Percentage of random jitter added to the renewal time.

sasl.kerberos.ticket.renew.window.factor

Type: double
Default: 0.8
Importance: medium
Dynamic update: per-broker

Login thread will sleep until the specified window factor of time from last refresh to ticket’s expiry has been reached, at which time it will try to renew the ticket.

sasl.login.callback.handler.class

Type: class
Default: null
Importance: medium
Dynamic update: read-only

The fully qualified name of a SASL login callback handler class that implements the AuthenticateCallbackHandler interface. For brokers, login callback handler config must be prefixed with listener prefix and SASL mechanism name in lower-case. For example, listener.name.sasl_ssl.scram-sha-256.sasl.login.callback.handler.class=com.example.CustomScramLoginCallbackHandler.

sasl.login.class

Type: class
Default: null
Importance: medium
Dynamic update: read-only

The fully qualified name of a class that implements the Login interface. For brokers, login config must be prefixed with listener prefix and SASL mechanism name in lower-case. For example, listener.name.sasl_ssl.scram-sha-256.sasl.login.class=com.example.CustomScramLogin.

sasl.login.refresh.buffer.seconds

Type: short
Default: 300
Importance: medium
Dynamic update: per-broker

The amount of buffer time before credential expiration to maintain when refreshing a credential, in seconds. If a refresh would otherwise occur closer to expiration than the number of buffer seconds then the refresh will be moved up to maintain as much of the buffer time as possible. Legal values are between 0 and 3600 (1 hour); a default value of 300 (5 minutes) is used if no value is specified. This value and sasl.login.refresh.min.period.seconds are both ignored if their sum exceeds the remaining lifetime of a credential. Currently applies only to OAUTHBEARER.

sasl.login.refresh.min.period.seconds

Type: short
Default: 60
Importance: medium
Dynamic update: per-broker

The desired minimum time for the login refresh thread to wait before refreshing a credential, in seconds. Legal values are between 0 and 900 (15 minutes); a default value of 60 (1 minute) is used if no value is specified. This value and sasl.login.refresh.buffer.seconds are both ignored if their sum exceeds the remaining lifetime of a credential. Currently applies only to OAUTHBEARER.

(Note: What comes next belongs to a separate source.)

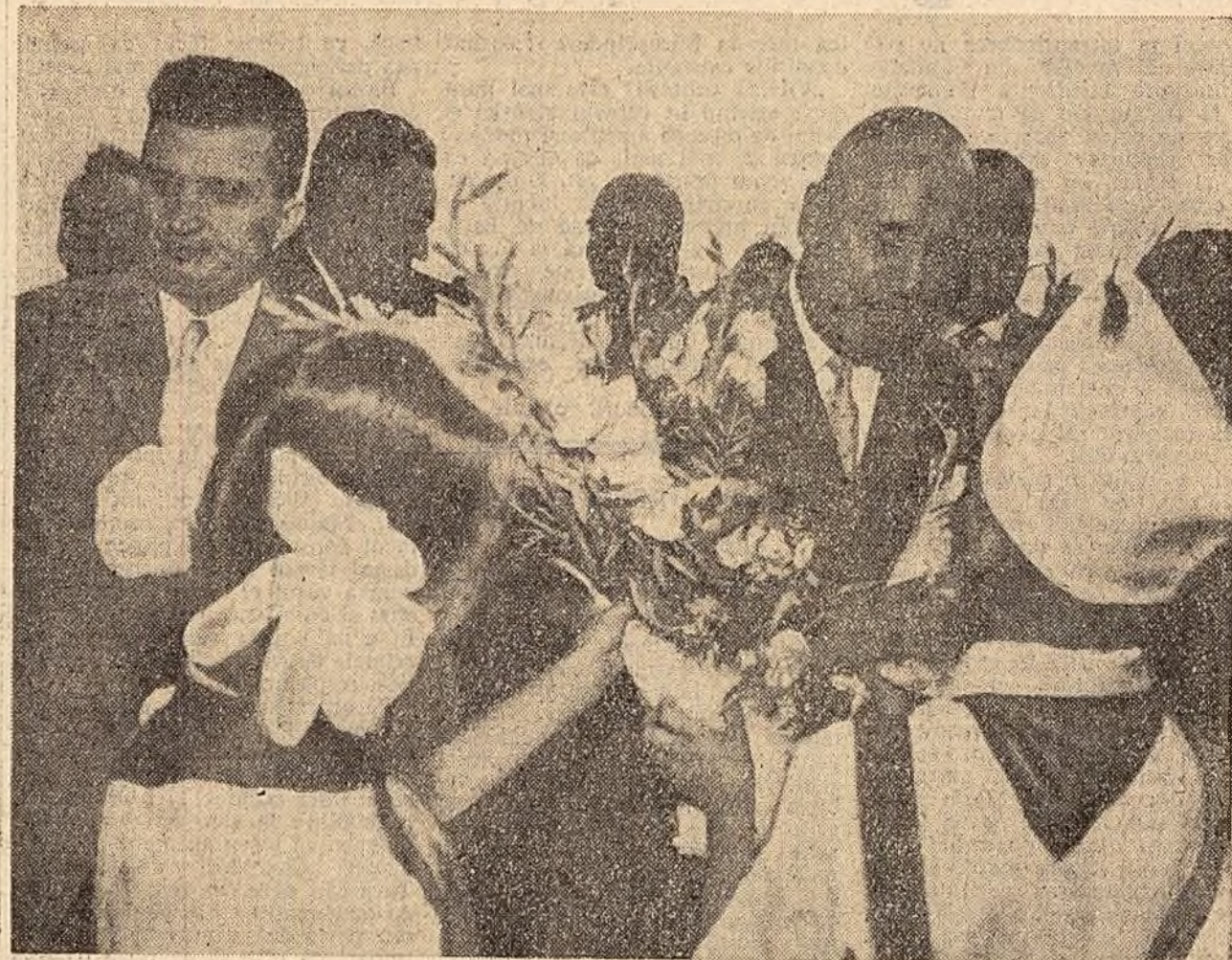
La sosirea în Kiev.

sasl.login.refresh.window.factor

Type: double
Default: 0.8
Importance: medium
Dynamic update: per-broker

Login refresh thread will sleep until the specified window factor relative to the credential’s lifetime has been reached, at which time it will try to refresh the credential. Legal values are between 0.5 (50%) and 1.0 (100%) inclusive; a default value of 0.8 (80%) is used if no value is specified. Currently applies only to OAUTHBEARER.

sasl.login.refresh.window.jitter

Type: double
Default: 0.05
Importance: medium
Dynamic update: per-broker

The maximum amount of random jitter relative to the credential’s lifetime that is added to the login refresh thread’s sleep time. Legal values are between 0 and 0.25 (25%) inclusive; a default value of 0.05 (5%) is used if no value is specified. Currently applies only to OAUTHBEARER.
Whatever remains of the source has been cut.